Funds are starting to be released to award recipients, who are already in the product development stage and having conversations with industry practitioners. Because the months ahead represent a critical phase for transforming the nation’s affordable housing, this is an ideal time for those who build and finance affordable housing to get involved.

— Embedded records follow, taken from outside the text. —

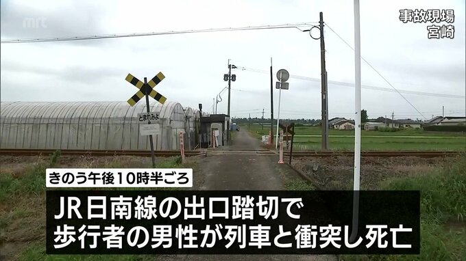23日夜、宮崎市の踏切で、歩行者が列車と衝突し死亡する事故がありました。
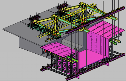 本工程挂篮拟选用移动菱形挂篮结构,挂篮主要由承重结构、吊挂系统、锚固系统、行走移动系统、模板系统组成。
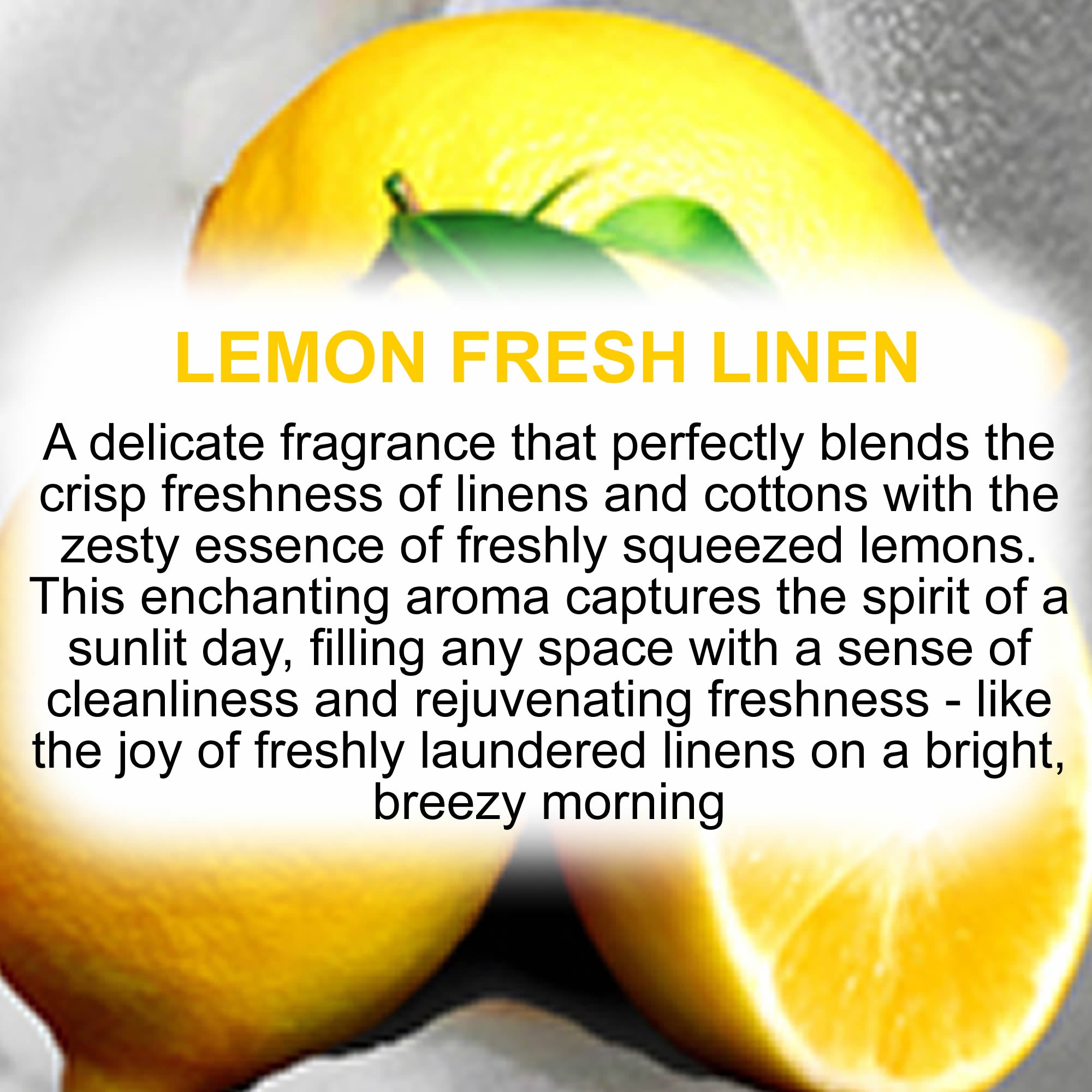 A delicate fragrance that perfectly blends the crisp freshness of linens and cottons with the zesty essence of freshly squeezed lemons. This enchanting aroma captures the spirit of a sunlit day, filling any space with a sense of cleanliness and rejuvenating freshness - like the joy of freshly laundered linens on a bright, breezy morning
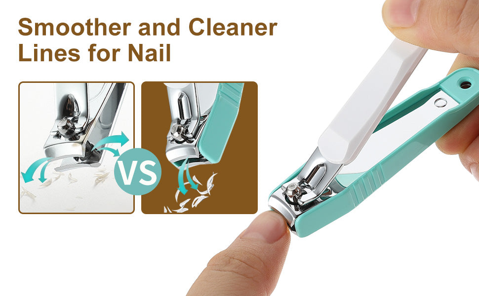 - Nail Catcher: both fingernail clipper and toenail clipper come with nail catcher that collects nail fragments after clipping. So there won't be any nail fragments hiding in the corner of furniture or on the floor, which need to be clean or vacuum.
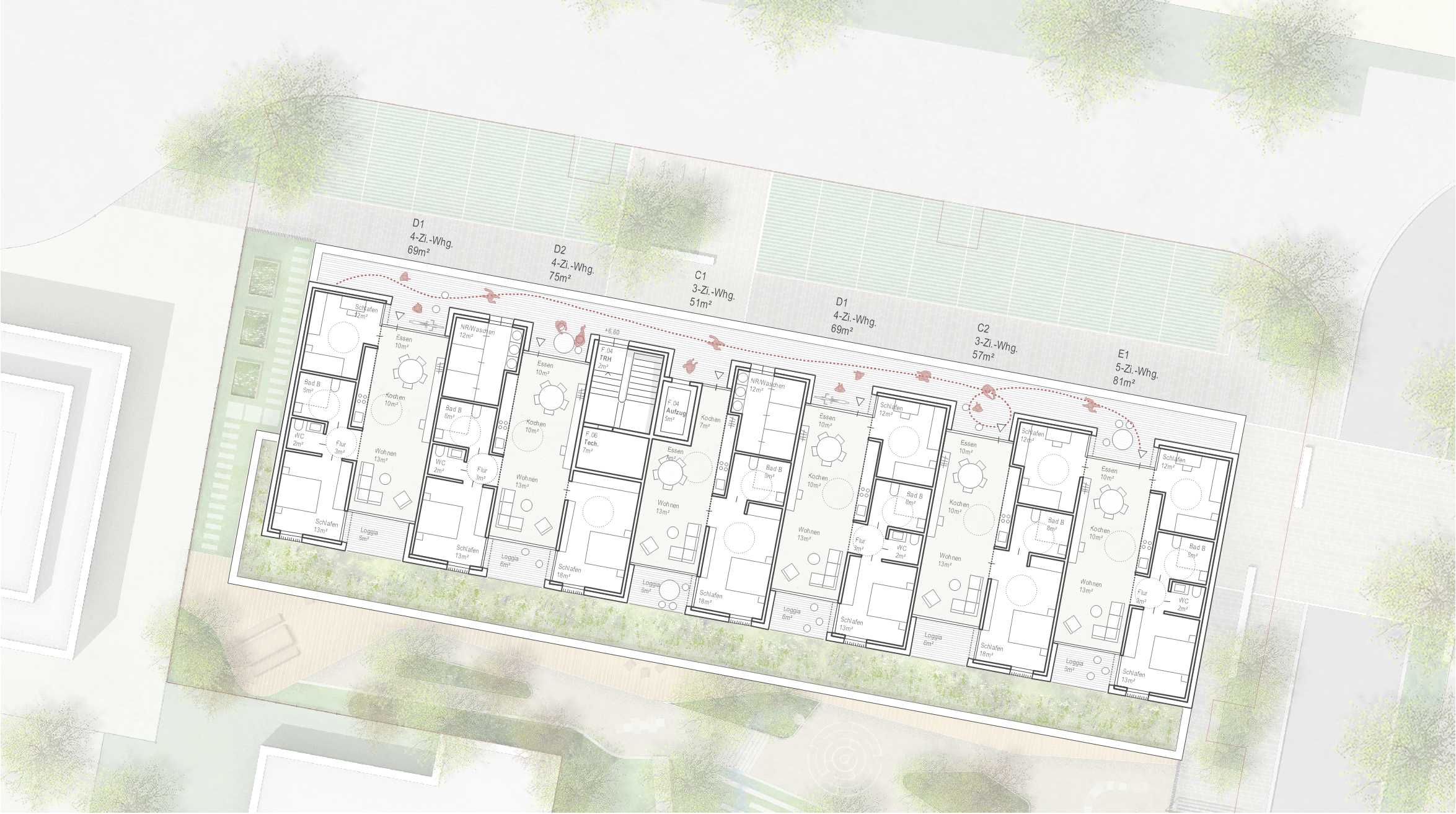 Das WohnHaus liegt im 2. Obergeschoss und wird mit einem Laubengang erschlossen, der sich vor den Wohnungseingängen weitet und dort einen kleinen halböffentlichen Vorbereich schafft. Ein Treppenhaus dient der alleinigen vertikalen Erschließung der Wohnungen. Der Aufzug wird, durch eine Schlüsselschaltung organisiert, auch von der Kita genutzt. Die Wohnungsgrundrisse bestehen aus Zimmer-Bad-Modulen und Wohnraum-Modulen, die im Wechsel aufeinander folgen. So entsteht ein struktureller Wohnungsbaugrundriss, der alle Wohnungsgrößen zulässt und seriell günstig erstellt werden kann. Den Wohnraum-Modulen angefügt sind Loggien, die Privatheit im Außenraum bieten. Den Loggien vorgelagert ist ein langes Hochbeet, das auf dem Dach des Kindergartenlaubengangs bepflanzt werden kann. Die Abstellräume sind bewusst auf der gleichen Ebene der Wohnung platziert und vom Laubengang erschlossen. Dadurch entfällt eine aufwendige Unterkellerung.
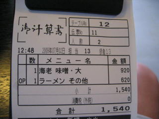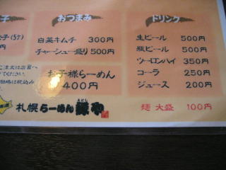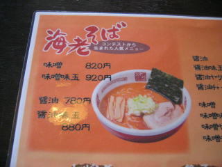 メニュー左上の「海老そば味噌820」円とその「麺大盛100円」を頼みました。
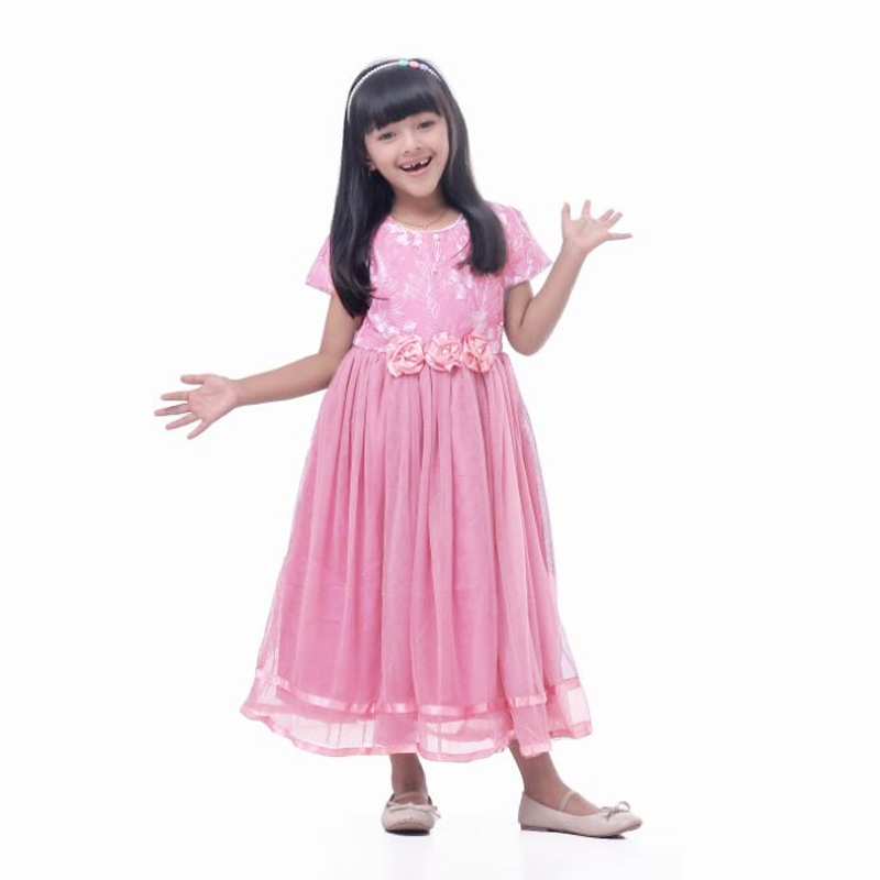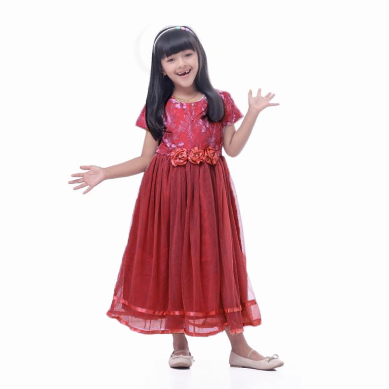DRESS Dress Pesta Anak Triple Flowery Gaun Anak
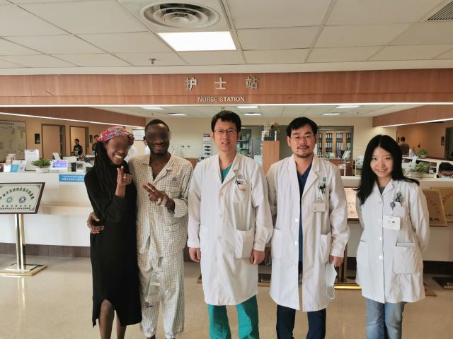 北京清华长庚医院5月12日电(通讯员 于悦超)近日,尼日利亚籍小伙小金从清华长庚泌尿外科康复出院,“I’m very satisfied.Thank you !”(我非常满意,谢谢你们)小金说,笑着和医务人员合影留念,还比出庆祝出院的手势。
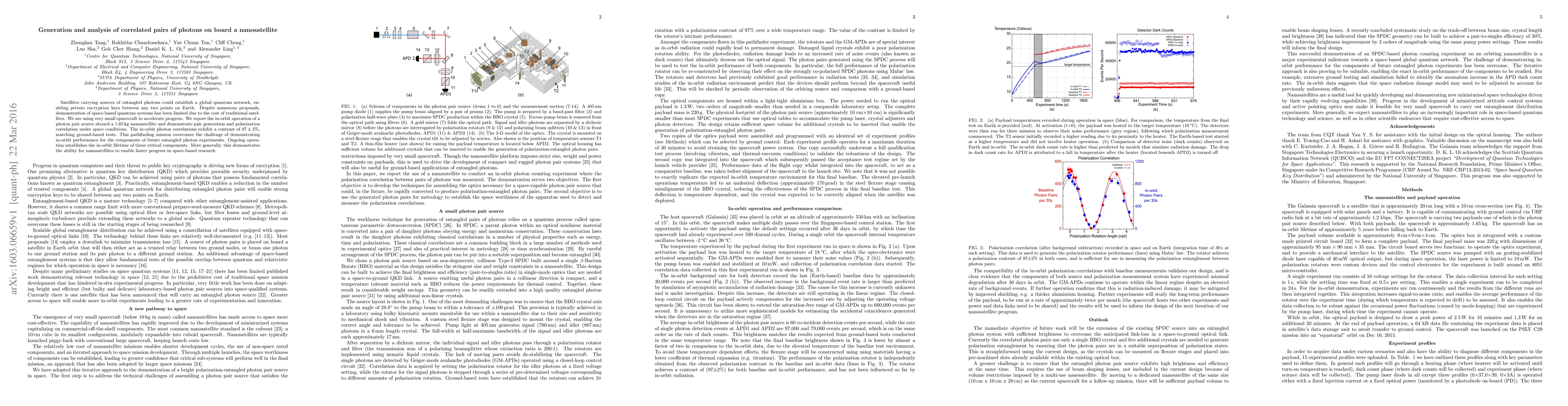 Satellites carrying sources of entangled photons could establish a global quantum network, enabling private encryption keys between any two points on Earth. Despite numerous proposals, demonstration of space-based quantum systems has been limited due to the cost of traditional satellites. We are using very small spacecraft to accelerate progress. We report the in-orbit operation of a photon pair source aboard a 1.65 kg nanosatellite and demonstrate pair generation and polarization correlation under space conditions. The in-orbit photon correlations exhibit a contrast of 97+/-2%, matching ground-based tests. This pathfinding mission overcomes the challenge of demonstrating in-orbit performance for the components of future entangled photon experiments. Ongoing operation establishes the in-orbit lifetime of these critical components. More generally, this demonstrates the ability for nanosatellites to enable faster progress in space-based research.
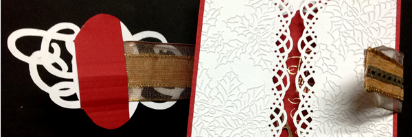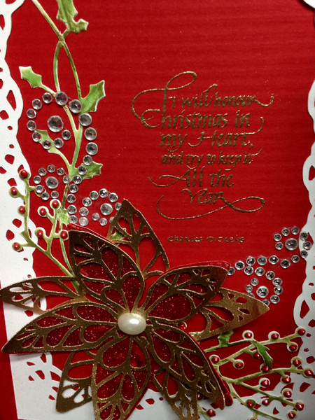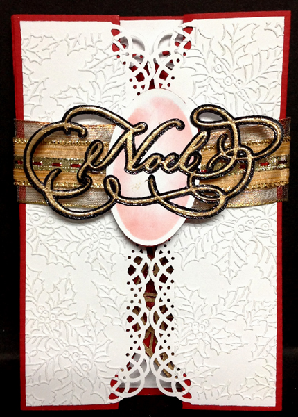 I scored and folded my red textured cardstock, then started making my white over pieces. Used Martha Stewart punch around the page Layered Arches" for the front panels, trimmed them down and then embossed (Sheena Douglas "Holly"). adhered to panels. Created a similar design for the inside and used my electronic cutter to make the frame. Adhered to inside. Stamped the quote using Versafine Toffee and embossed with Queen's Gold embossing powder. eCut the poinsettia petals. For the open work ones I inked with the toffee and embossed with the gold. For the solid piece I colored with Distress "Barn Door, applied a layer of white glue and sprinkled with Glitter Ritz micro fine glitter "Regal Red". Adhered the layers together and added a large white oval pearl. Die cut my various greenery (eCraft Designs "Berry Branch"; Memory Box "Holly Vine") from white cardstock and used Distress Mini pads in various greens. For the Berry branch added Liquid Pearls "Red" dots. Adhered all my floral elements, then added a few rhinestone flourishes. Adhered 3 different ribbons together, a wide gold gauze, then a gold thread edged gold ribbon (both of these were wired), then the narrow gold/red ribbon using Sookwang tape. Adhered it to the back of the card and then created a picot edge (protecting the wires) on one end. eCut the word "Noel" from white cardstock, inked with the toffee and embossed with the gold. eCut a shadow layer and colored with a black Sharpie marker. Adhered the two elements together, then inked with Versamark and clear embossed. Die cut the oval (Spellbinders), sponged with some red and adhered the eCut word. Adhered one end of the ribbon using a glue gun to the oval, then adhered a piece of red cardstock to the oval (with some give so that other end of ribbon could fit into it). |

State and local housing finance agencies, housing developers, commercial lenders, and community development financial institutions (CDFIs) will need seasoned guidance and assistance with understanding how to:

  • Assess program requirements and eligible uses
  • Maximize impact for financing current and future affordable housing deals
  • Collaborate with energy and housing sector leaders and ensure that all relevant parties are at the table
  • Explore tactical modeling for integrating funds within typical and atypical capital stacks

 

 Background

The IRA authorized $27 billion to launch three new programs: National Clean Investment Fund (NCIF), Clean Communities Investment Accelerator (CCIA), and Solar for All (SFA). Together, these programs will provide transformational nationwide financing products and a significant opportunity for investing in energy efficiency upgrades to affordable housing. As program administrator, the U.S. Environmental Protection Agency (EPA) has awarded the funds through a competitive process to 68 entities, including state energy agencies, housing finance agencies, green banks, CDFI coalitions, and other housing and energy lenders.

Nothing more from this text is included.